[AccessD] Watching data

Jim Dettman jimdettman at earthlink.net
Sun Feb 29 10:14:56 CST 2004


John,

<<In order to do that I need to figure out the "drill down" thing - I
believe
that Drew was the one that assured me that it is possible.  I just have to
see if I can find the hints of how.  It had to do with opening the query and
inspecting the properties of the fields.>>

  I missed earlier parts of this discussion, but I'm assuming what you mean
by "drilling down" is looping through all the controls, then yes it
certainly can be done.  Any of the code floating out there to resize forms
contains the logic required.   If you don't have access to something like
that, it's a pretty straight forward matter.

  Starting at the form level, you'd use the controls collection to iterate
through all the controls for an object.  Just be aware that you'll need to
handle container controls (i.e. page frames and subforms), so it will be a
series of nested loops.  You might want to try and make it a recursive
procedure.  Performance wise, you also might want to restrict which controls
are looked at.  For example, if you don't place controls in anything other
then the detail section of forms, then no need to check the header and
footer.

  Once you locate a control, you use the TypeOf function to figure out what
it is and if you need to deal with it. I would not bother checking the
.enabled or .locked properties, but simply check .oldvalue vs .value, as it
should be faster that way.

  This would all be done in the BeforeUpdate event after your sure your not
going to cancel for any reason.

  As far as the change log, I've always used the approach of one record per
field change:

tblLogID  - Autonumber -PK
LogDateTime - D/T
LogType   - String - "A"dd, "D"elete, "U"pdate
TableName - String
RecordPK  - String
FieldName - String
TypeOf    - Numeric - Indicates where "NewValue" is stored
NewValue1 - String
NewValue2 - Integer
NewValue3 - Long
NewValue4 - Single
etc....

  I don't bother to hold the .oldvalue because you'd be duplicating it in
the table.  You can also see that I don't bother to try and convert the
.oldvalue into a common type (i.e. a string), but rather store the actual
value.   If I had access to the raw binary data, then I'd do so, but without
that, this seemed to be the cleanest way.

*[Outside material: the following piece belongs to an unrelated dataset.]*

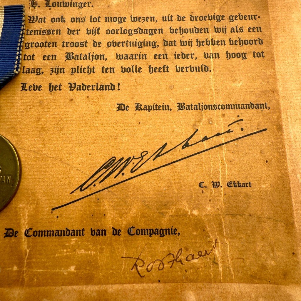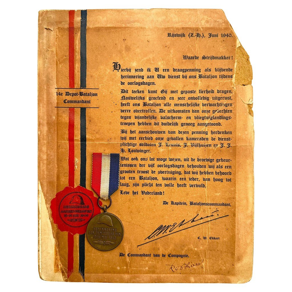 This is an original Dutch certificate with medal from June 1940.The certificate was awarded to a soldier of the 14th Depot Battalion as a remembrance of the May Days of 10โ14 May 1940.The accompanying bronze medal shows on the front a Dutch helmet with the text 'Herinnering aan den oorlog van 10โ14 mei 1940' ('In remembrance of the war of 10โ14 May 1940').On the reverse, the coats of arms of Zeeland and Bergen op Zoom are depicted, surrounded by the text '14e Depot Bataljon.'The certificate is provided with a red seal showing the same helmet and commemorative text.The text pays tribute to the fallen comrades and the courageous efforts of the battalion during the fighting.The certificate is signed by the battalion commander and the company commander.The set is in a used condition.An interesting collectible for a May 1940 or Dutch Army collection.Article number: 16789Originele WWII Nederlandse Herinnering aan den oorlog van 10โ14 mei 1940 medaille met oorkondeDit is een Nederlandse oorkonde met medaille uit juni 1940.De oorkonde werd uitgereikt aan een soldaat van het 14e Depot-Bataljon als herinnering aan de meidagen van 10โ14 mei 1940.De bijbehorende bronzen medaille toont op de voorzijde een Nederlandse helm met de tekst 'Herinnering aan den oorlog van 10โ14 mei 1940'.Op de keerzijde zijn de wapens van Zeeland en Bergen op Zoom afgebeeld, met daaromheen de tekst '14e Depot Bataljon'.De oorkonde is voorzien van een rood zegel met dezelfde afbeelding van de helm en de herdenkingstekst.In de tekst wordt hulde gebracht aan de gevallen kameraden en de moedige inzet van het bataljon tijdens de gevechten.De oorkonde is ondertekend door de bataljonscommandant en de compagniescommandant.De set verkeert in een gebruikte conditie.Een interessant verzamelobject voor mei 1940 of Nederlands leger collectie!
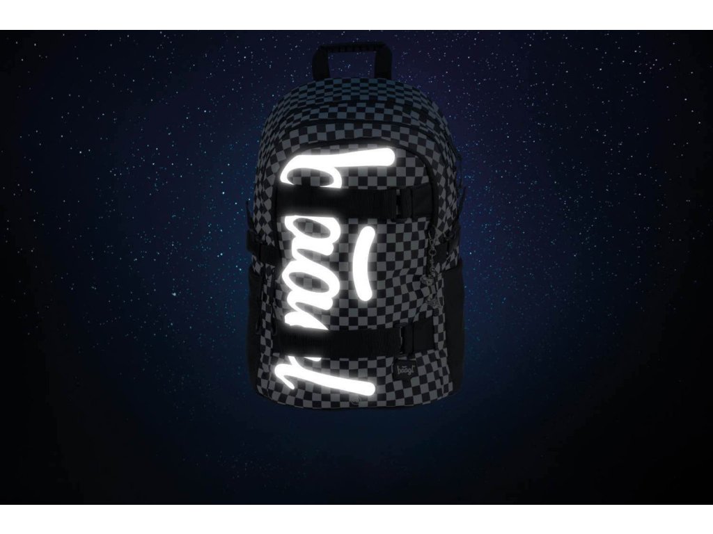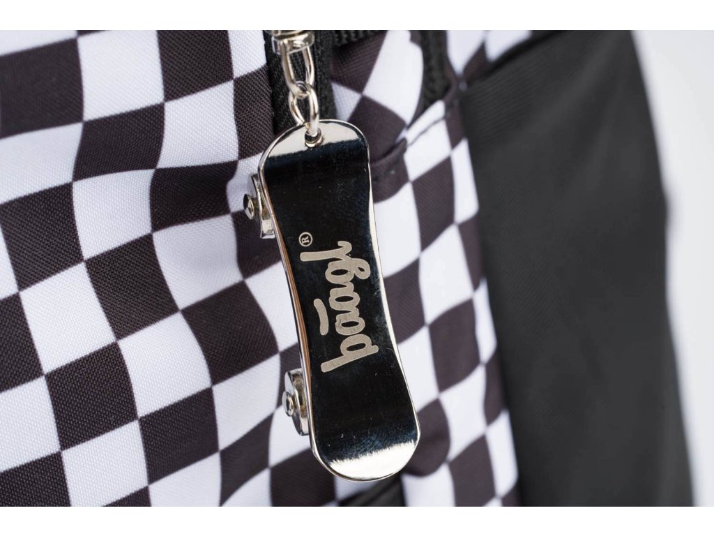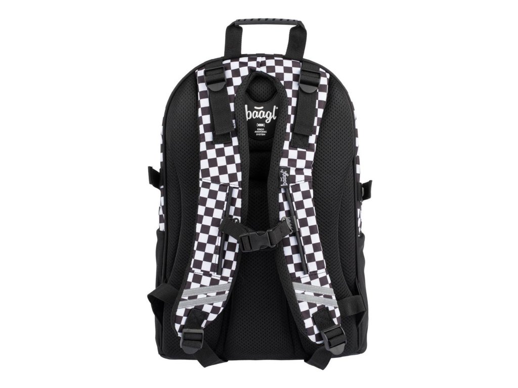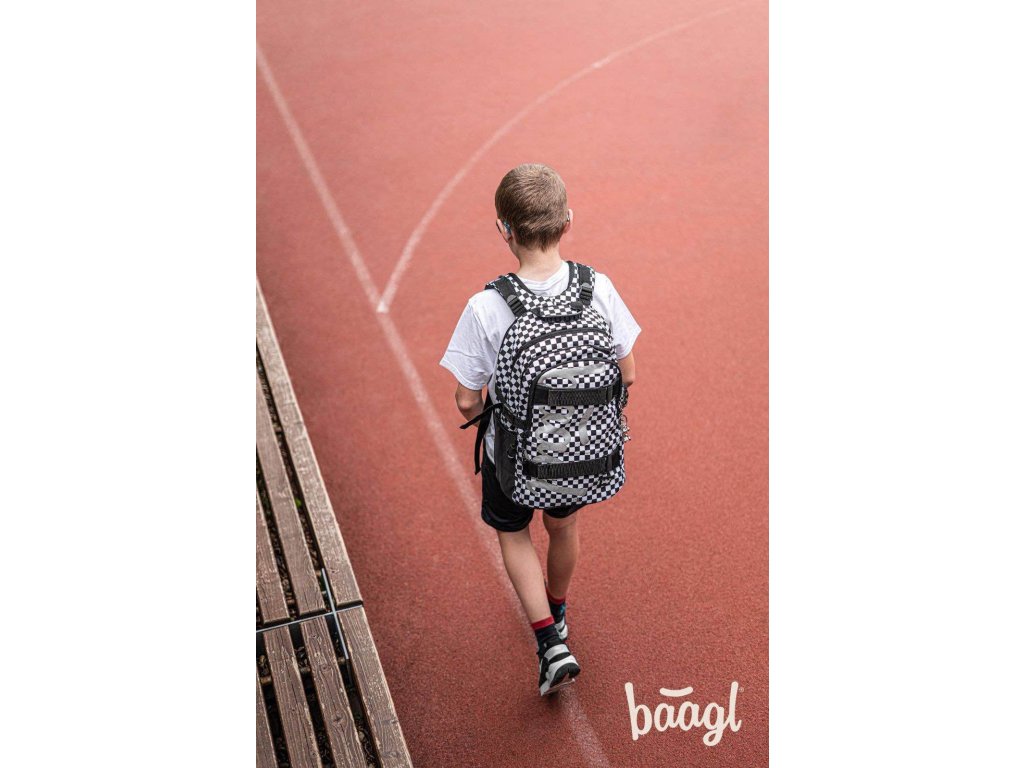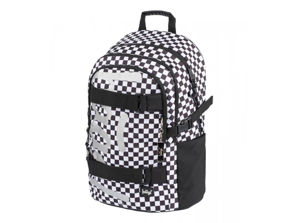 Školní batoh Skate Ska české značky Baagl s reflexním logem BAAGL se vzorem černobílé kostky. Batoh je vhodný pro žáky od 3. třídy ZŠ.

I've used two different types of logic in working with the log file:

Roll forward - used to recreate a database at a specific point in time.
1. Check point (backup)
2. Apply log changes in a "roll forward" to a specific date and time.

Auditing:
1. Log file records are maintained as long as possible.

  I've primarily used this in HR type apps or others where it was required
to recreate the data at a specific point in time.  I haven't had to use
logging/auditing in quite some time, but it was workable.  I went with
strings for the table name and field names, but I suppose you could come up
with some type of internal tracking system to use a numeric ID of some type,
but that is probably overkill. The only gotcha there is if you rename a
table or field.  Generally, that doesn't happen too often for me.

HTH,
Jim Dettman
President,
Online Computer Services of WNY, Inc.
(315) 699-3443
jimdettman at earthlink.net

-----Original Message-----
From: accessd-bounces at databaseadvisors.com
[mailto:accessd-bounces at databaseadvisors.com]On Behalf Of John W. Colby
Sent: Saturday, February 28, 2004 11:29 PM
To: Access Developers discussion and problem solving
Subject: RE: [AccessD] Watching data


Jim,

>With Access, everything needs to be done at form level and it will never be
fool proof as anything done directly in a table will by pass your efforts.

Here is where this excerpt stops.